| Prompt |
Write out the full listing exactly as given, minus the images.

| Given information |
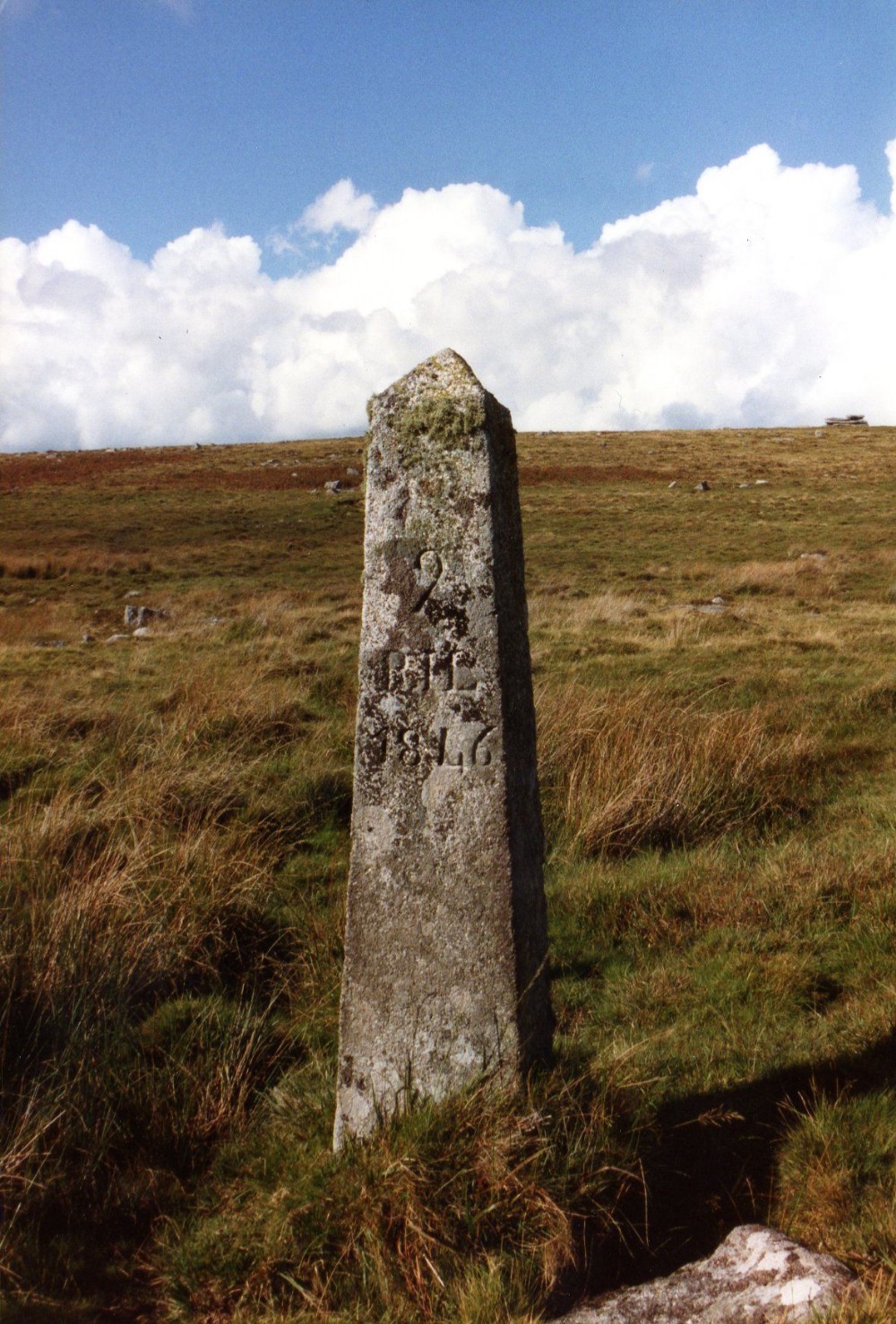 Granite boundary marker, Kilmar Tor. Dated 1846.
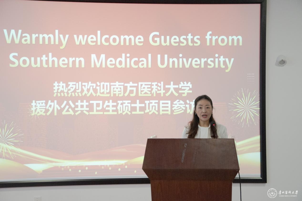 交流会上,胡晓霞对参访团的到来表示欢迎。她表示,非常感谢南方医科大学提供的这次机会,让更多国际友人走进贵医,了解贵医。希望通过这次活动,加强两校在人才培养、教学科研和国际交流等方面的深度合作,创造条件让贵医学子们与来自世界不同国家和地区的优秀学员共同学习和成长,携手为培养更多优秀的国际化应用型公共卫生人才作出贡献。
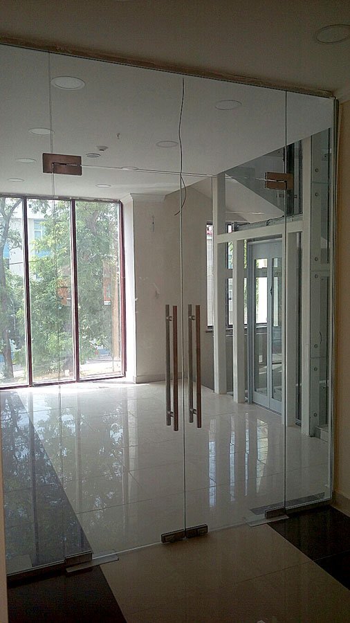 Маятниковые двери, как правило, входят в состав цельностеклянных перегородок и изготавливаются из закаленного стекла толщиной 8-12 мм. Допустимые геометрические размеры маятниковых дверей на фурнитуре «Титан» серии «Классика»: по высоте – до 3 м, по ширине – до 1,1 м. При этом вес такой двери (на фитингах) может достигать сотни килограммов.
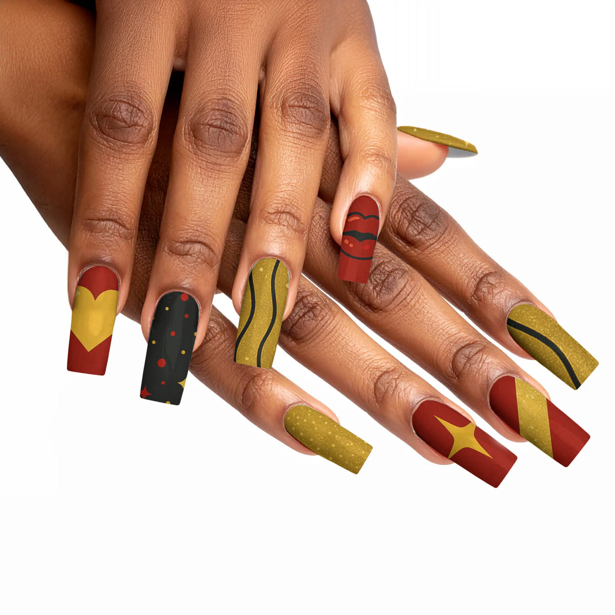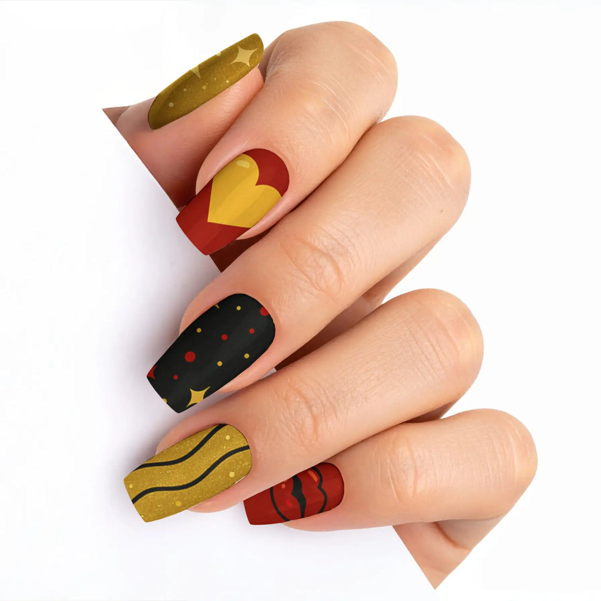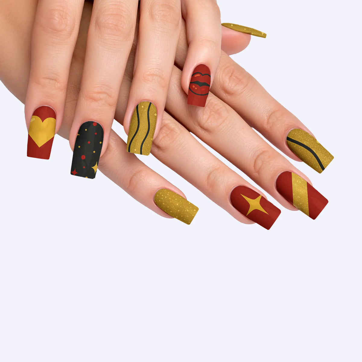 Step into a realm of sophistication with our Velvet Va-Va-Voomb Glam Press-On Nails, designed to infuse your style with a touch of luxury and glamour. This exclusive set is crafted to perfection, offering an elegant upgrade to any outfit, whether you're attending a lavish event or adding flair to your daily ensemble. Enjoy the convenience of salon-quality nails without leaving your home. Each chic design is not only a testament to style but also built to last, ensuring your nails remain flawless through your dynamic lifestyle.
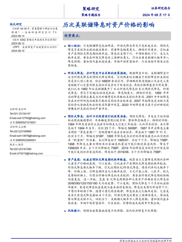 【海通证券】【20240817】历次美联储降息对资产价格的影响-15页 行业研究

| Expected answer |
 Granite boundary marker, Kilmar Tor. Dated 1846.
 交流会上,胡晓霞对参访团的到来表示欢迎。她表示,非常感谢南方医科大学提供的这次机会,让更多国际友人走进贵医,了解贵医。希望通过这次活动,加强两校在人才培养、教学科研和国际交流等方面的深度合作,创造条件让贵医学子们与来自世界不同国家和地区的优秀学员共同学习和成长,携手为培养更多优秀的国际化应用型公共卫生人才作出贡献。
 Маятниковые двери, как правило, входят в состав цельностеклянных перегородок и изготавливаются из закаленного стекла толщиной 8-12 мм. Допустимые геометрические размеры маятниковых дверей на фурнитуре «Титан» серии «Классика»: по высоте – до 3 м, по ширине – до 1,1 м. При этом вес такой двери (на фитингах) может достигать сотни килограммов.
 Step into a realm of sophistication with our Velvet Va-Va-Voomb Glam Press-On Nails, designed to infuse your style with a touch of luxury and glamour. This exclusive set is crafted to perfection, offering an elegant upgrade to any outfit, whether you're attending a lavish event or adding flair to your daily ensemble. Enjoy the convenience of salon-quality nails without leaving your home. Each chic design is not only a testament to style but also built to last, ensuring your nails remain flawless through your dynamic lifestyle.
 【海通证券】【20240817】历次美联储降息对资产价格的影响-15页 行业研究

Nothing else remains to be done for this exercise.